Ethnology. Social and cultural anthropology, Cities. Urban geography
The development trends of the adaptive management system for construction enterprises are determined. It is noted that the construction industry creates a huge number of jobs, consuming the products of many other sectors of the national economy. It is mentioned that the development of construction enterprises requires constant monitoring of the position of an enterprise and its competitors in the construction market, research on the strengths and weaknesses of its own financial and economic activities, and the ability to adapt to changes in both the internal and external environment. The goal, object and subject of adaptive management are determined. The most promising approaches aimed at introducing adaptive changes in a construction enterprise are highlighted. It is found that today monitoring is one of the main elements that form the system of not only operational but also strategic management. It is a functional area of the economic activity of a construction enterprise and is closely linked with the implementation of management functions necessary for making operational and strategic management decisions.

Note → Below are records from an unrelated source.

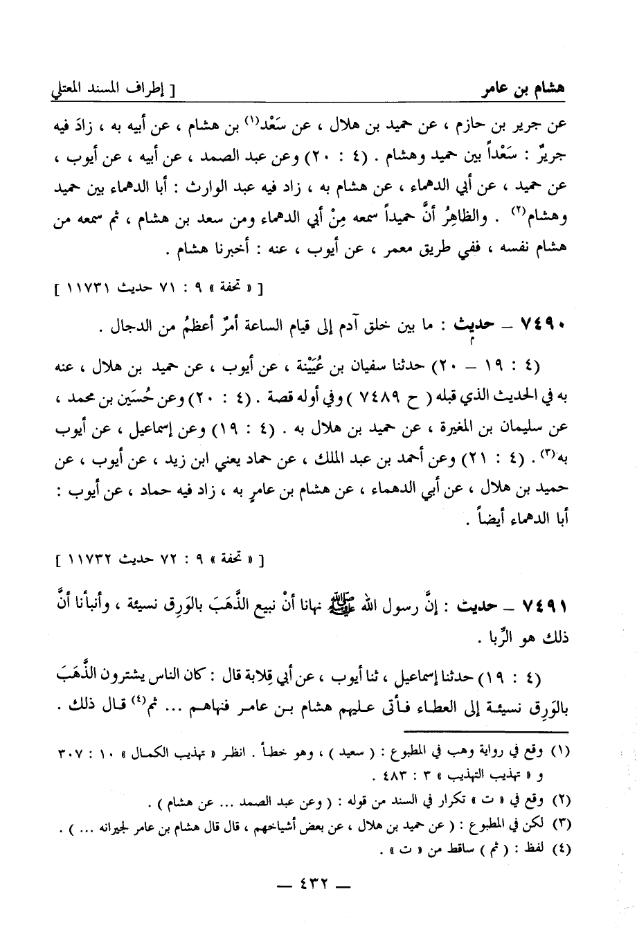 7491 - حديث: إن رسول الله صَلَّى اللَّهُ عَلَيْهِ وَسَلَّمَ نهانا أن نبيع الذهب بالورق نسيئة، وأنبأنا أن ذلك هو الربا. (4: 19) حدثنا إسماعيل، ثنا أيوب، عن أبي قلابة قال: كان الناس يشترون الذهب بالورق نسيئة إلى العطاء فأتى عليهم هشام بن عامر فنهاهم ... ثم قال ذلك -[433]-. (4: 20 - 21) وعن حسن بن موسى، عن حماد يعني ابن زيد، عن أيوب، عن أبي قلابة، قال: قدم هشام بن عامر البصرة ... فذكره.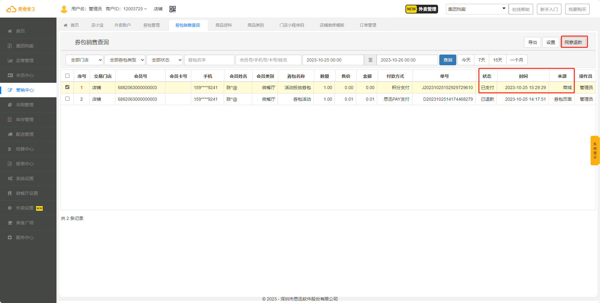 扫码券包二维码进行购买,付款完成后在券包订单中可以查询到已购买的券包。若想退券包,直接点击申请退款,软件“券包销售查询”中查询到需要退款的单据且状态是“申请退款中”,选择此单据点击同意退款,成功退款后单据状态修改为“已退款”。
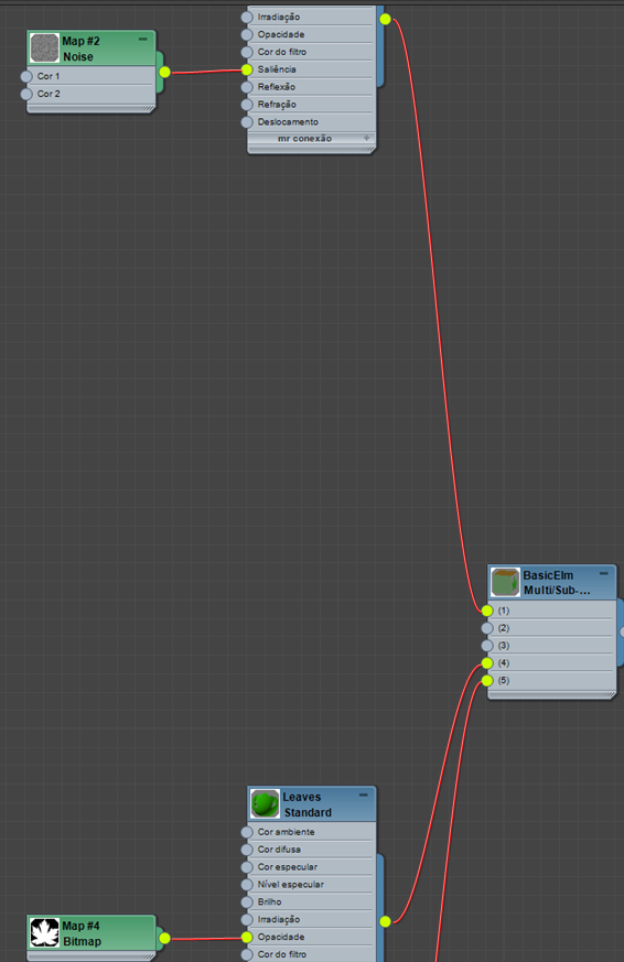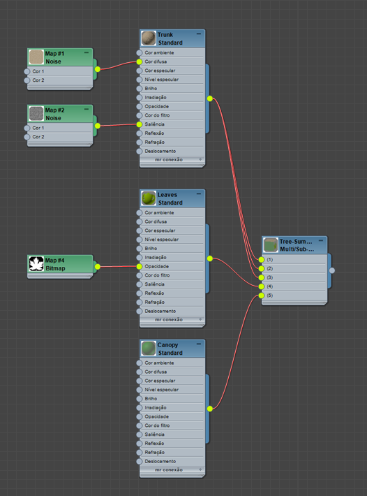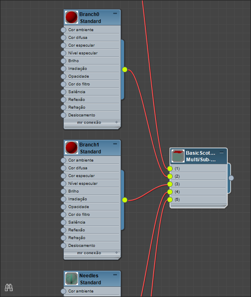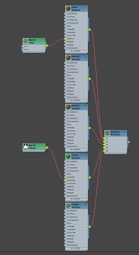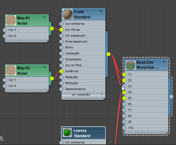 - Ligue o nó do submaterial Tronco aos soquetes principais (2) e (3) do submaterial OlmoBásico que contém os submateriais Ramo0 e Ramo1.
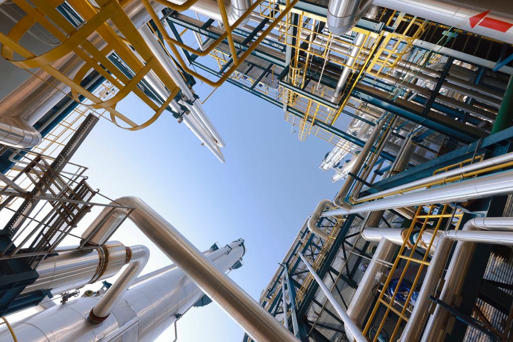 技术工人正在对合成气压缩机进行安装调试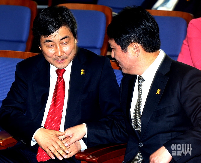 7일, 서울 여의도 국회 본청에서 열린 새정치민주연합 원내대표 선출을 위한 의원총회 도중 최재성·이종걸 두 후보가 이야기를 나누고 있다.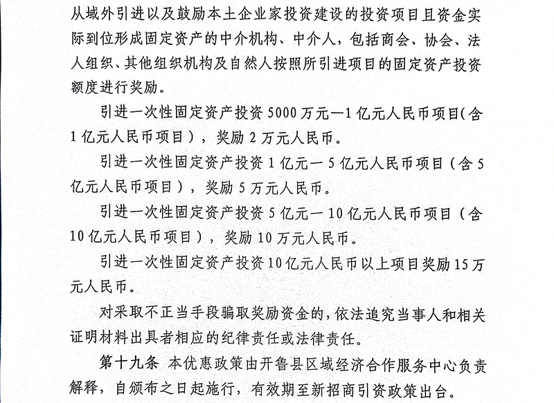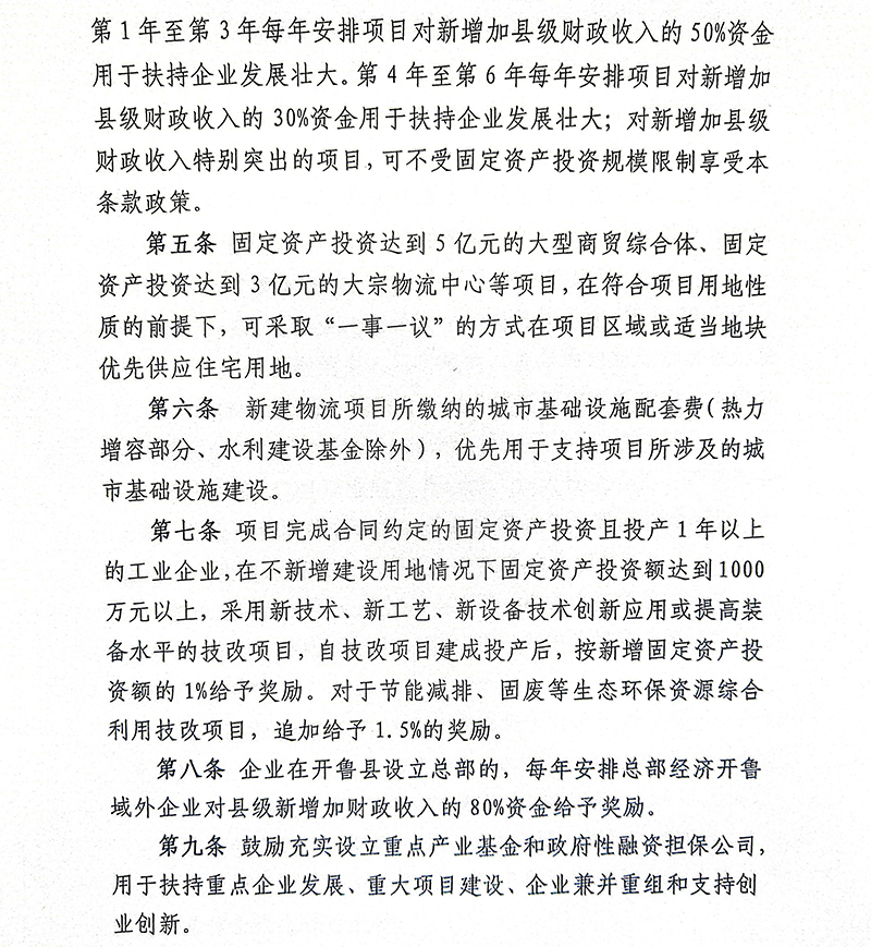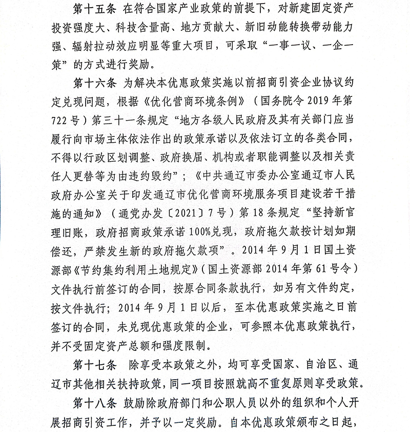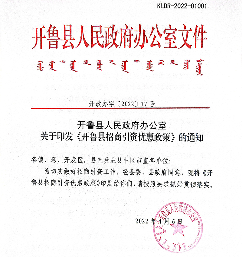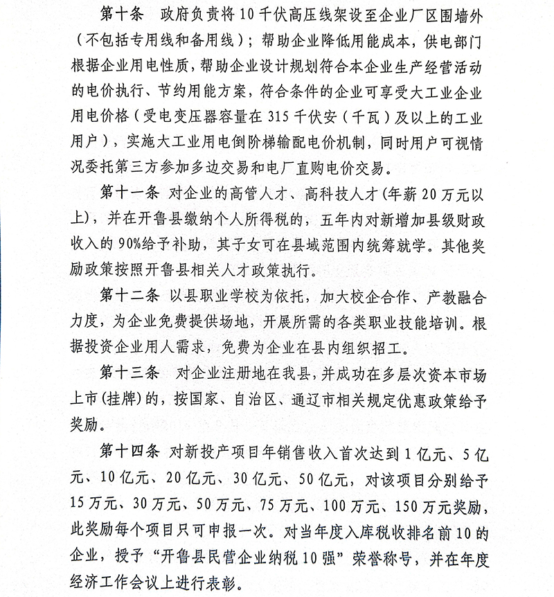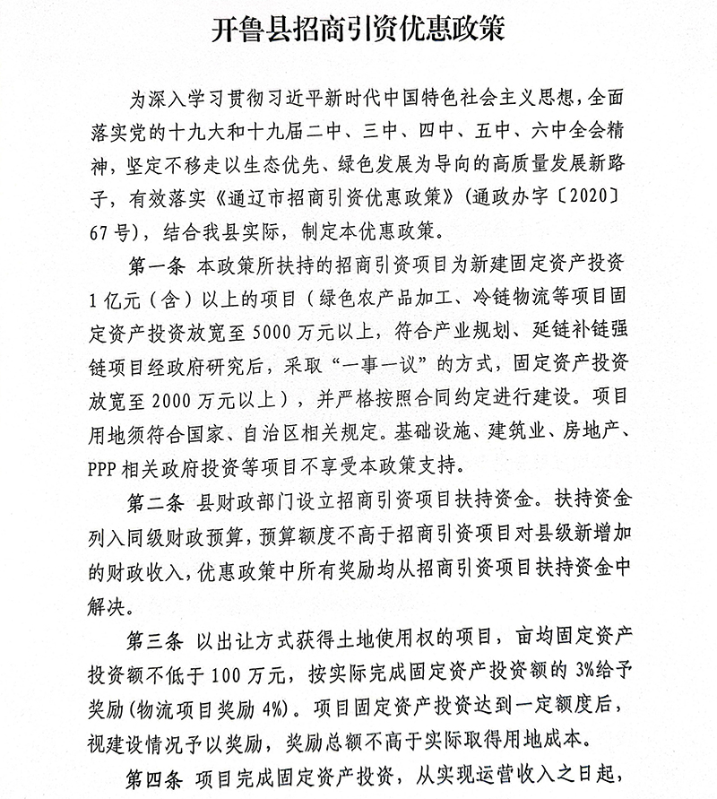 内蒙古自治区通辽市开鲁县招商引资优惠政策

Considering the above objective reasons for the formation of adaptive management in enterprises in the construction industry, an algorithm for transforming the system (a construction enterprise) under adaptive management is built. It is concluded that it is advisable that enterprises in the construction industry of Ukraine (and the economy of Ukraine as a whole) apply adaptive management, which can be defined as the process of implementing an integrated system of measures and actions to ensure the interconnection and achievement of goals of all participants in the management process in an unstable external environment.